The move lower in oil prices so far this month has been excessive amid overblown worries about a strategic petroleum reserve (SPR) release and a hit to demand from the COVID resurgence in Europe and the United States, the U.S. investment bank said in a note to clients carried by Argus.
Since the end of October, Brent Crude prices have dropped by $8 per barrel to below $80 late last week. Concerns about the global economy with the return of lockdowns in Europe and expectations of a coordinated release of reserves from the United States and major Asian oil consumers have dragged the price of oil down over the past two weeks.
Goldman Sachs, however, believes that these concerns are excessive.

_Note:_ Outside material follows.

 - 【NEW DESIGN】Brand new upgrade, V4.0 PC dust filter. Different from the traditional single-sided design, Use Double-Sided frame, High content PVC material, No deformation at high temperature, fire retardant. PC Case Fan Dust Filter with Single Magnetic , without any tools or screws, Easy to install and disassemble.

"Our pricing model shows that the $8/bl price decline since late October is equivalent to the market pricing in a 4mn b/d combined hit to demand or increase in supply over the next three months," Goldman Sachs's analysts wrote in the note cited by Argus.
"This would be ... equivalent to a 100mn bl government stock release as well as a 1.75mn b/d hit to demand due to the current Covid resurgence," the investment bank noted.

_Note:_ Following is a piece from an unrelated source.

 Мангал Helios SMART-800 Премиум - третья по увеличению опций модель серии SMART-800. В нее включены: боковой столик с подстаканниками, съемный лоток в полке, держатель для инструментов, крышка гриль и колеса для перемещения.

Goldman continues to keep its $85 forecast for average Brent prices this quarter, seeing the downward move as "excessive", especially in light of the fact that the oil market is still in a deficit.
Last week, the investment bank said that the market had already priced in a concerted release of crude oil from national reserves, adding that the U.S. was expected to release between 20 and 30 million barrels, with the rest of the group likely releasing a combined 30 million barrels.
After a 3% plunge on Friday, oil prices were slightly up on Monday morning, with Brent trading at just over $79 a barrel and WTI Crude at $76.15.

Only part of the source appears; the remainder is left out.